Stored dataset items:
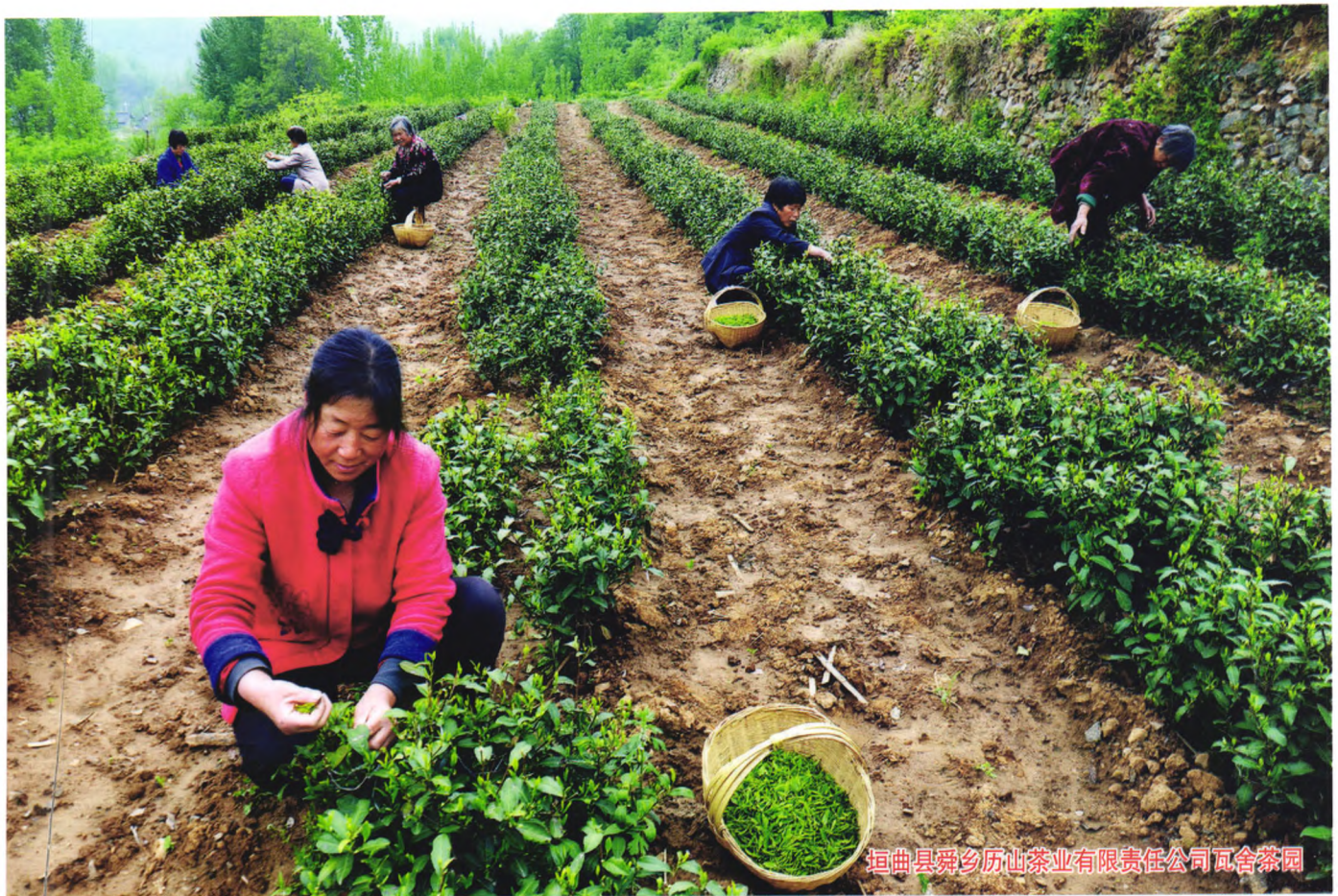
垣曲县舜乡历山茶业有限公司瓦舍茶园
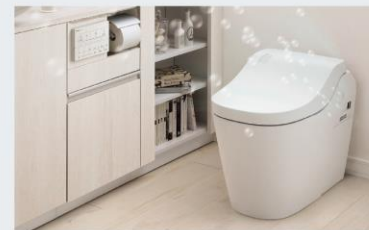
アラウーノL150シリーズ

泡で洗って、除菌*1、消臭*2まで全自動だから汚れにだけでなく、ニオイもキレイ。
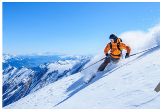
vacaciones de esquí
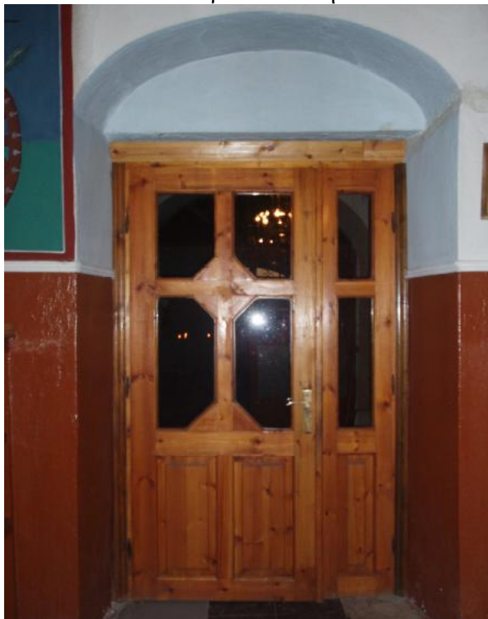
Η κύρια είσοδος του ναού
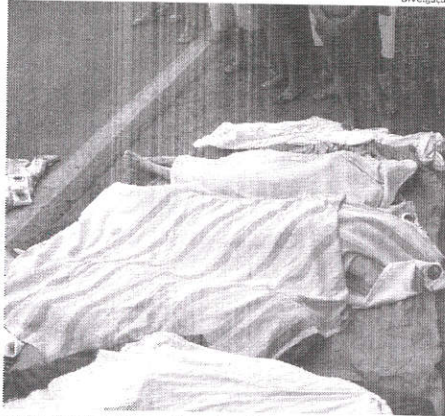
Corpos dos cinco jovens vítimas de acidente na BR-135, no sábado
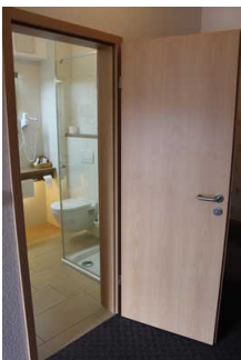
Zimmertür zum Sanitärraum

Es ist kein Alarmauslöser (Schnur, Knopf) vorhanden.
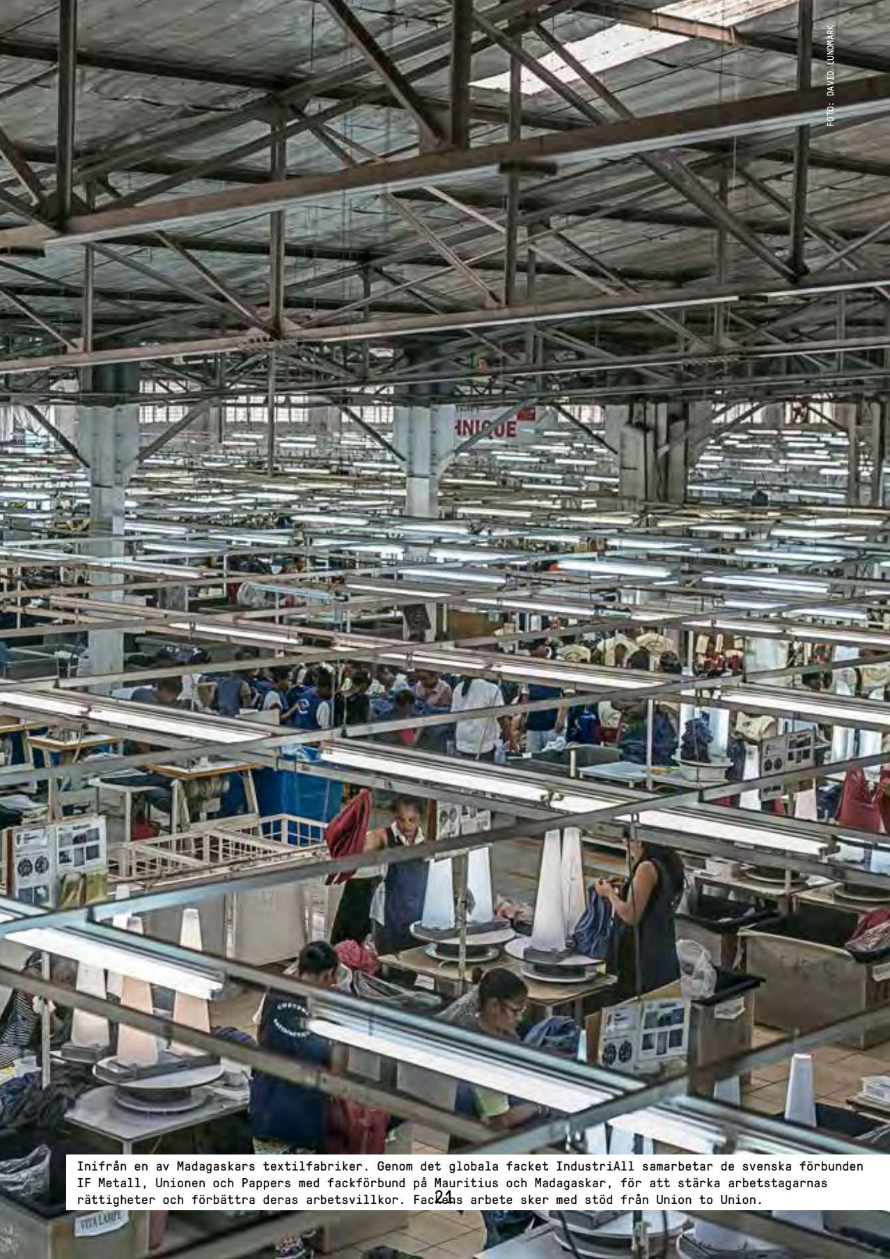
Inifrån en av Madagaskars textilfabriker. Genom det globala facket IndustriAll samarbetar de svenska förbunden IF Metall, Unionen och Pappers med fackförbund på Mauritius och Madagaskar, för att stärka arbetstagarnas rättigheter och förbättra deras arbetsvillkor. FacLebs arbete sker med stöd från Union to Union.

- Exercise prompt: Omit the pictures and please write out exactly the lines between the one containing "Η κύρια είσοδος του ναού" and the last line of the entries, both included.

- Problem solution:
Η κύρια είσοδος του ναού
Corpos dos cinco jovens vítimas de acidente na BR-135, no sábado
Zimmertür zum Sanitärraum

Es ist kein Alarmauslöser (Schnur, Knopf) vorhanden.
Inifrån en av Madagaskars textilfabriker. Genom det globala facket IndustriAll samarbetar de svenska förbunden IF Metall, Unionen och Pappers med fackförbund på Mauritius och Madagaskar, för att stärka arbetstagarnas rättigheter och förbättra deras arbetsvillkor. FacLebs arbete sker med stöd från Union to Union.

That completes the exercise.